Befriending Bees

Befriending Bees

Originally published in New York Spirit

Grateful to bees?

80% of the world’s agriculture depends exclusively on bees as they pollinate and facilitates the plants to reproduce. Man is a self-proclaimed genius. Even after knowing what chemicals are doing to the bees, the most important living being on the planet (yes, they got the official tag by the Earthwatch Institute), France is the only country to ban all five pesticides that are toxic to them. European Union agreed on a ban on three neonicotinoids beginning from December 2018. France went a step ahead, banned two more pesticides messing with bees’ nervous system, not only in outdoors as suggested by the law, but in greenhouse spaces as well. China tops the list of using pesticides to a level that not only is harming bees but polluting soil, air, and water, followed by the USA.

Imagine a world without ice-cream. Or coffee? Even the shallow, myopic side of human nature cannot deny their significance. Apples, cashews, almonds, avocados, oranges, vanilla, coffee, and about 80% of our crops are dependent on bees for their pollination including cotton and many nutrient-rich foods. Natural pollination by native bees also improves the quality of the crop. 90% of the world’s nutrition is a gift from these beneficent pollinators. Agriculture adds around $4.2 trillion to the global economy. If bees are gone, massive food scarcity will collapse economies and well, us!

Bee-autiful Efforts

Utrecht in the Netherlands gave a makeover to their bus stops in mid-2019 by adding bee-friendly flowers and plants that are acting not only as a haven for bees but storage for rainwater, cooling-off-masks in summers, absorbing carbon, embellishing the city and more. Subsidies are also being offered to the citizens who want to build these ‘green-roofs’ on their houses.
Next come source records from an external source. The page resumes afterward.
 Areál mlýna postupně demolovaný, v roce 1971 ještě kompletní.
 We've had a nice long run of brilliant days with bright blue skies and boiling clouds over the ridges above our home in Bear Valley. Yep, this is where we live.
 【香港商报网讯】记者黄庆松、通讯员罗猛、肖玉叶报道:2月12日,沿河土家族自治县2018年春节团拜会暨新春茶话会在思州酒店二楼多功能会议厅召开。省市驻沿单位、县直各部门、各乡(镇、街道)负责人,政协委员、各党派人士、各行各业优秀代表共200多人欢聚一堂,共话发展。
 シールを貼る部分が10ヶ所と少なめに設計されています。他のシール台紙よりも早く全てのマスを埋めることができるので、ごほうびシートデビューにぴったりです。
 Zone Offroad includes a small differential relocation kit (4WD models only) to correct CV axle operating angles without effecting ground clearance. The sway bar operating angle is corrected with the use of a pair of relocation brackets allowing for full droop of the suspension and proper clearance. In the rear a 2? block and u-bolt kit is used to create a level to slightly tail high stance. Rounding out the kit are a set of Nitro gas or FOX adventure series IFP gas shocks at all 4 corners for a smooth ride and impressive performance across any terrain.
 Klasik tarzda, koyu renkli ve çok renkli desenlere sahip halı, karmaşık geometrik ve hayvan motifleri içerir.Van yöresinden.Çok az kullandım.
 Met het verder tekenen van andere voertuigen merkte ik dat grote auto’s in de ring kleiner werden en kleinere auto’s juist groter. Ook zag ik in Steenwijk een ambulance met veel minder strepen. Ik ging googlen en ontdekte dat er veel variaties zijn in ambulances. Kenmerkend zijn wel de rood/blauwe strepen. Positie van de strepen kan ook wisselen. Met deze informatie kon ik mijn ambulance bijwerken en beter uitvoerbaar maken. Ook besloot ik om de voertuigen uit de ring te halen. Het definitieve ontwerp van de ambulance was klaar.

Likewise, Minnesota lawmakers approved a budget of $900,000 for the creation of honeybee habitat by distributing it to homeowners who are willing to transform their gardens into bee-friendly spaces by planting specific grasses, wildflowers, clovers, and other food sources to help save the bumblebees.

National Pollinator Garden Network successfully created a network of over 1 million homeowners and gardeners from around the world to save declining pollinator populations by agreeing to create pollinator-friendly habitat.

Ways to Bee-friend

Plant native flowers. They feast on some herbs, ripe vegetables, and fruits too. Leave space for wild growth, let those wildflowers bloom.

Don’t mow your grass often. Maybe leave it a little taller. Instead of two inches, let it be four.

Let the dry mulch of stems and leaves stay in your garden. It acts as bee habitat. Many native species nest in the ground.

Support organic farming by buying organic foods as they don’t use pesticides. Don’t go by false advertising. Bee-friendly can be a marketing strategy to mislead you. Look for the ‘Bee Better Certified’ seal in the US.

Acquaint yourself with different types of bees and their roles in the ecosystem. Only 2% of the bees are responsible for 80% of the pollination. Not all but eight species of bees are endangered. Honey bees aren’t. Rusty patched bumble bee is. Not all live in hives. 70% of them nest in grounds or cavities in trees. Native bees need much more support. They are single mothers and solitary creatures.

Expertise and healthy bee-keeping practices by bee-keepers and producers will help optimize crop production.